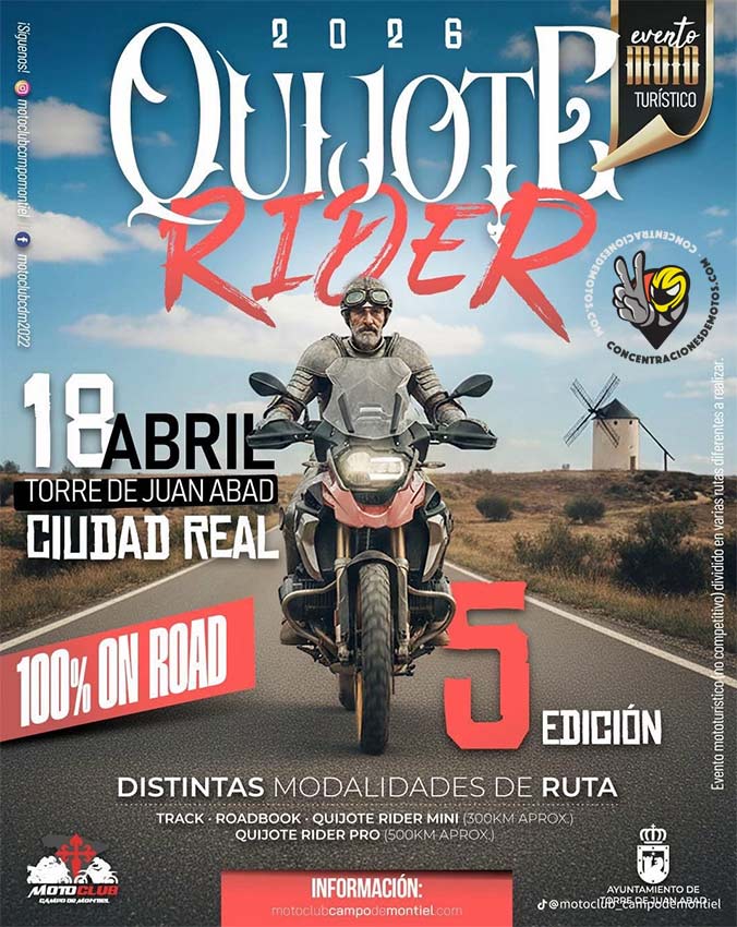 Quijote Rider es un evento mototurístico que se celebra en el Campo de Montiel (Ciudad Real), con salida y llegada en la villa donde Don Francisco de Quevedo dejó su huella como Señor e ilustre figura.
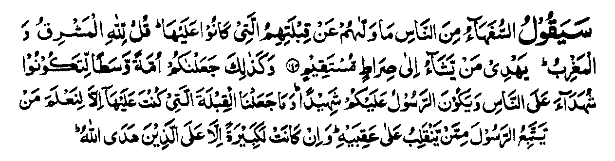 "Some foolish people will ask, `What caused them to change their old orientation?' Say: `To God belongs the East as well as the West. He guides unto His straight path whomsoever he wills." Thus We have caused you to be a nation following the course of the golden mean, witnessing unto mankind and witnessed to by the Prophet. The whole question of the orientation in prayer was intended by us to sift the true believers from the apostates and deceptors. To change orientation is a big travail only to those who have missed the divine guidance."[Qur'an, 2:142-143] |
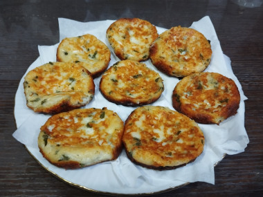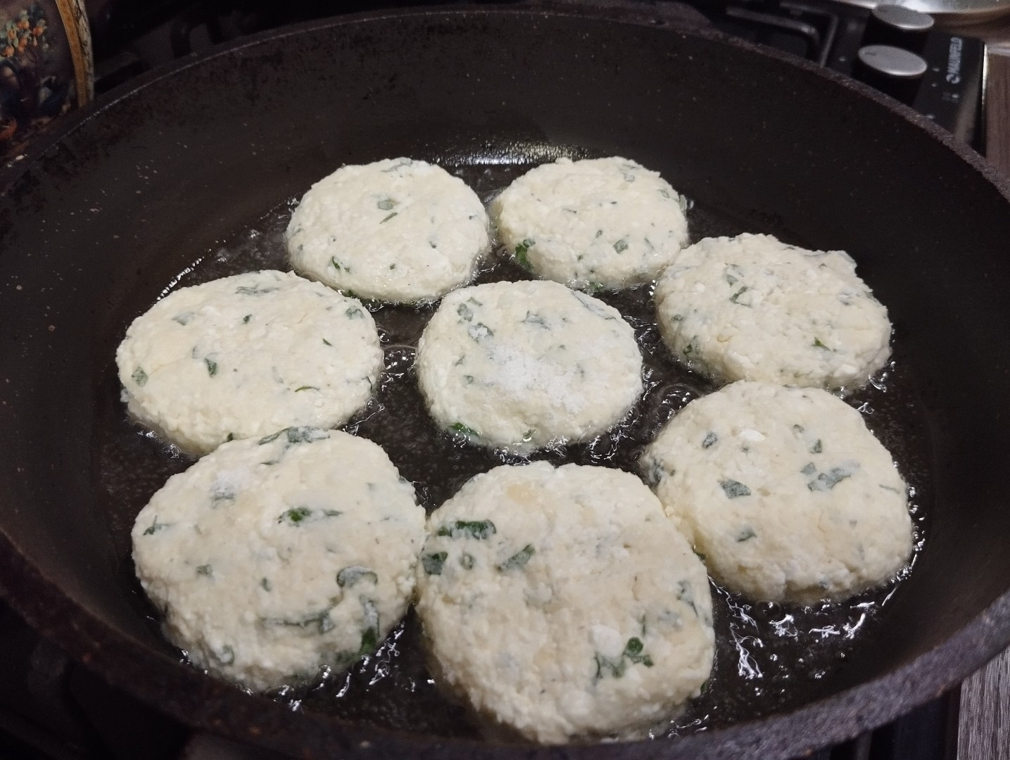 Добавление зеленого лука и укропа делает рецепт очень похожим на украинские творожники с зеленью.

> _Task_
Output all the material verbatim, skipping every image.

> _Exercise result_
 Quijote Rider es un evento mototurístico que se celebra en el Campo de Montiel (Ciudad Real), con salida y llegada en la villa donde Don Francisco de Quevedo dejó su huella como Señor e ilustre figura.
 "Some foolish people will ask, `What caused them to change their old orientation?' Say: `To God belongs the East as well as the West. He guides unto His straight path whomsoever he wills." Thus We have caused you to be a nation following the course of the golden mean, witnessing unto mankind and witnessed to by the Prophet. The whole question of the orientation in prayer was intended by us to sift the true believers from the apostates and deceptors. To change orientation is a big travail only to those who have missed the divine guidance."[Qur'an, 2:142-143] |
 Добавление зеленого лука и укропа делает рецепт очень похожим на украинские творожники с зеленью.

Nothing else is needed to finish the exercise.